Data for this exercise:
==================================================

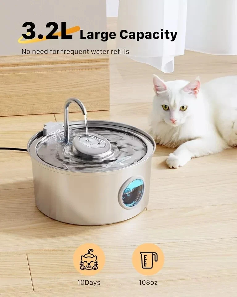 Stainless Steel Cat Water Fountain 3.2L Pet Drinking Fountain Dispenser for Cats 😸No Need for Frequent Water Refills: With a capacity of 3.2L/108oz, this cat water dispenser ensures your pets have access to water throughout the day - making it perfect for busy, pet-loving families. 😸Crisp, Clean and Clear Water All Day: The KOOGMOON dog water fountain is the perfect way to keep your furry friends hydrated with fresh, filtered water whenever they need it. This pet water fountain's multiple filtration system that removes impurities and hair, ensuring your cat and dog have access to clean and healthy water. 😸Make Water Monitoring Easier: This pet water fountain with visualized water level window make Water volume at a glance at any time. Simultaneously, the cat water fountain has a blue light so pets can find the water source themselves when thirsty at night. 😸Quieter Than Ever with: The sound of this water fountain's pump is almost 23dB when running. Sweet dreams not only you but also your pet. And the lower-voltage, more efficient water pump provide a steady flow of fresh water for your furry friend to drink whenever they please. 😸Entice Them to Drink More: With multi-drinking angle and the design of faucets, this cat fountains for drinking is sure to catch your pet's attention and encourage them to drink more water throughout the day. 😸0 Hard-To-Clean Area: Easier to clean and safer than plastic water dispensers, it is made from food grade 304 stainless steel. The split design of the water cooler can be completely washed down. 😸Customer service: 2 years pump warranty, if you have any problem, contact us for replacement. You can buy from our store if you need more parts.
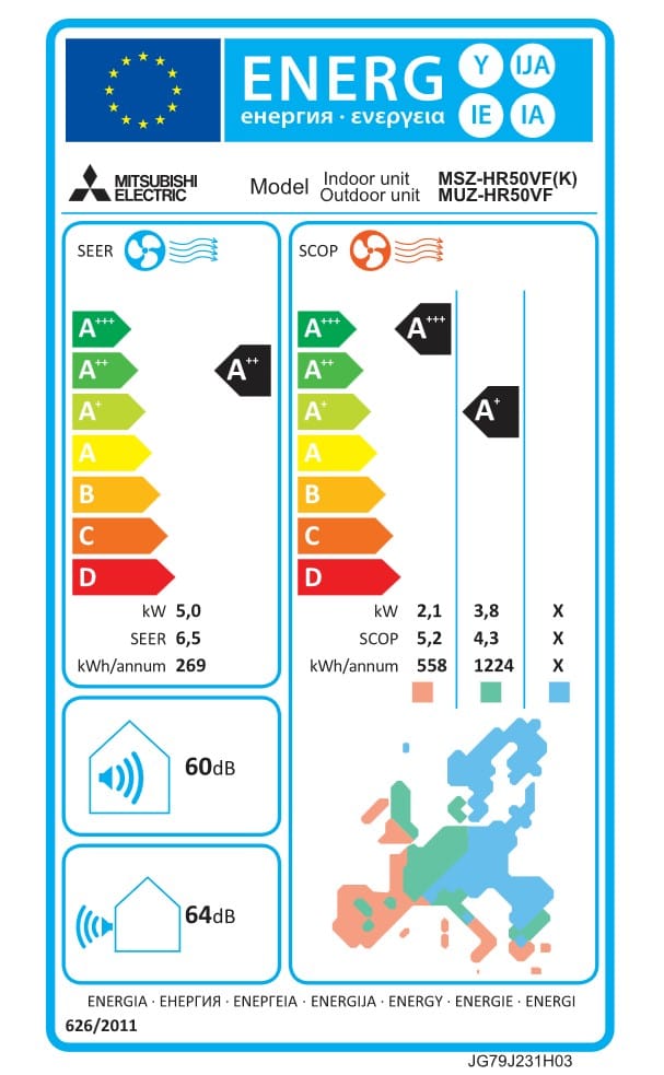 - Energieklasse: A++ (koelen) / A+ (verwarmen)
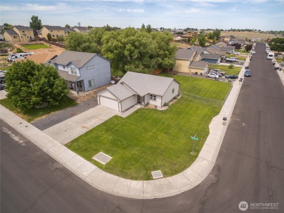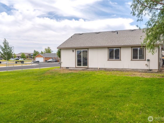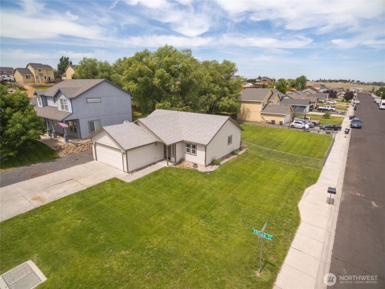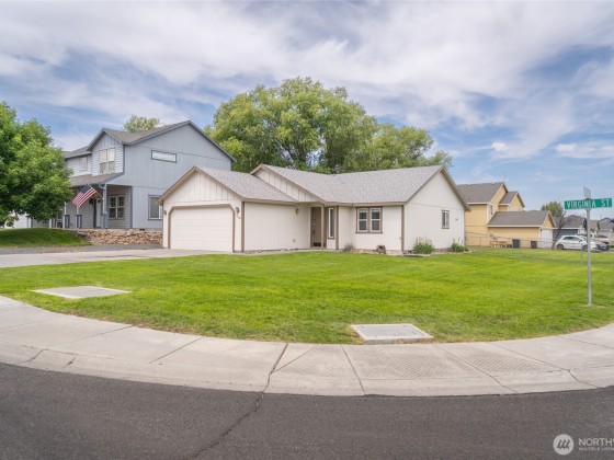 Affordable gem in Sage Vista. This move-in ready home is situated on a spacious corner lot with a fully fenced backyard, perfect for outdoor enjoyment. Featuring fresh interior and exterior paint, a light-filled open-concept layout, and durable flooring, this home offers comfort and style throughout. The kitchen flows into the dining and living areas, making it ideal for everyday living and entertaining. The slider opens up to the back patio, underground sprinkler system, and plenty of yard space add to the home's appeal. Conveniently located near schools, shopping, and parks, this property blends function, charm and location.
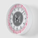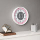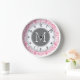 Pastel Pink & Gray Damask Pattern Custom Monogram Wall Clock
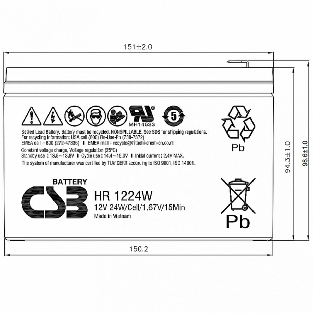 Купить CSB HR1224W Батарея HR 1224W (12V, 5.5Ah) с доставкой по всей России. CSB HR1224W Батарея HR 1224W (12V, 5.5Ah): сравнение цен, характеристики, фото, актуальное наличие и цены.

==================================================

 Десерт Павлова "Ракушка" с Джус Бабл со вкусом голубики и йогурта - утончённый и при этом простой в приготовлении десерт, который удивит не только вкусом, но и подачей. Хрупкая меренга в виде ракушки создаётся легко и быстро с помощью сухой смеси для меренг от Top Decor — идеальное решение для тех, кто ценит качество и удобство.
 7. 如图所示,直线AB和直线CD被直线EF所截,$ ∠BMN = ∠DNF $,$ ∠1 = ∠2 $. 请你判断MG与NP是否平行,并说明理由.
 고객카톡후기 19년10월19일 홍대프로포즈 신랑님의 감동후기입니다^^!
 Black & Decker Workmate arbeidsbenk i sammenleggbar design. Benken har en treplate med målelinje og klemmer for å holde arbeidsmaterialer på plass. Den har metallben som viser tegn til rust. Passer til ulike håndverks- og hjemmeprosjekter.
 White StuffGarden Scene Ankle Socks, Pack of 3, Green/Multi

==================================================

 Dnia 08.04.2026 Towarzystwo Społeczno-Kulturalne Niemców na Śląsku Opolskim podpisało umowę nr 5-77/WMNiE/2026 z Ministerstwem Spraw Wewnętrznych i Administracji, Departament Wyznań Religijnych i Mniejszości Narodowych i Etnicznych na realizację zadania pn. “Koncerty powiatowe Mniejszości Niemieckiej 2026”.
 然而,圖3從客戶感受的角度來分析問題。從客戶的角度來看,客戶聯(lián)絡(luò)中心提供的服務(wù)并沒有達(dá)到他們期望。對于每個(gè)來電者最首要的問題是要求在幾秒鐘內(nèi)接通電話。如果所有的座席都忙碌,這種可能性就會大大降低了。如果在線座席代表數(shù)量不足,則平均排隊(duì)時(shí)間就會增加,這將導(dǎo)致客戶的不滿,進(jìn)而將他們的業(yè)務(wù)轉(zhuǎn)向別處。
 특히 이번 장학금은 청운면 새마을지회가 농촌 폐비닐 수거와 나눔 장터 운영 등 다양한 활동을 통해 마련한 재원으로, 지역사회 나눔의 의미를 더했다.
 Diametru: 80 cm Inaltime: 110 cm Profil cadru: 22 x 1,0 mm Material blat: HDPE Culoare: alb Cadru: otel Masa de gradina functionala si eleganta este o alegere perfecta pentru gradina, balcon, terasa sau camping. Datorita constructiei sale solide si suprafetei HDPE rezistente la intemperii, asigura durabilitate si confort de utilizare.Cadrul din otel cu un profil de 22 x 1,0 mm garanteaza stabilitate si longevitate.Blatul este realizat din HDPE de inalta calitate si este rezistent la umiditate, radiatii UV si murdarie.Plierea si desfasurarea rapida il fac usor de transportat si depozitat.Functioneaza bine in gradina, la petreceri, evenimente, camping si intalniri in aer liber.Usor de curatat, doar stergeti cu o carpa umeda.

==================================================

Problem to solve: Return exactly the lines above, from the one with "Pastel Pink &" up to and including the one with "Купить CSB HR1224W", and include no pictures.

Output for this exercise:
 Pastel Pink & Gray Damask Pattern Custom Monogram Wall Clock
 Купить CSB HR1224W Батарея HR 1224W (12V, 5.5Ah) с доставкой по всей России. CSB HR1224W Батарея HR 1224W (12V, 5.5Ah): сравнение цен, характеристики, фото, актуальное наличие и цены.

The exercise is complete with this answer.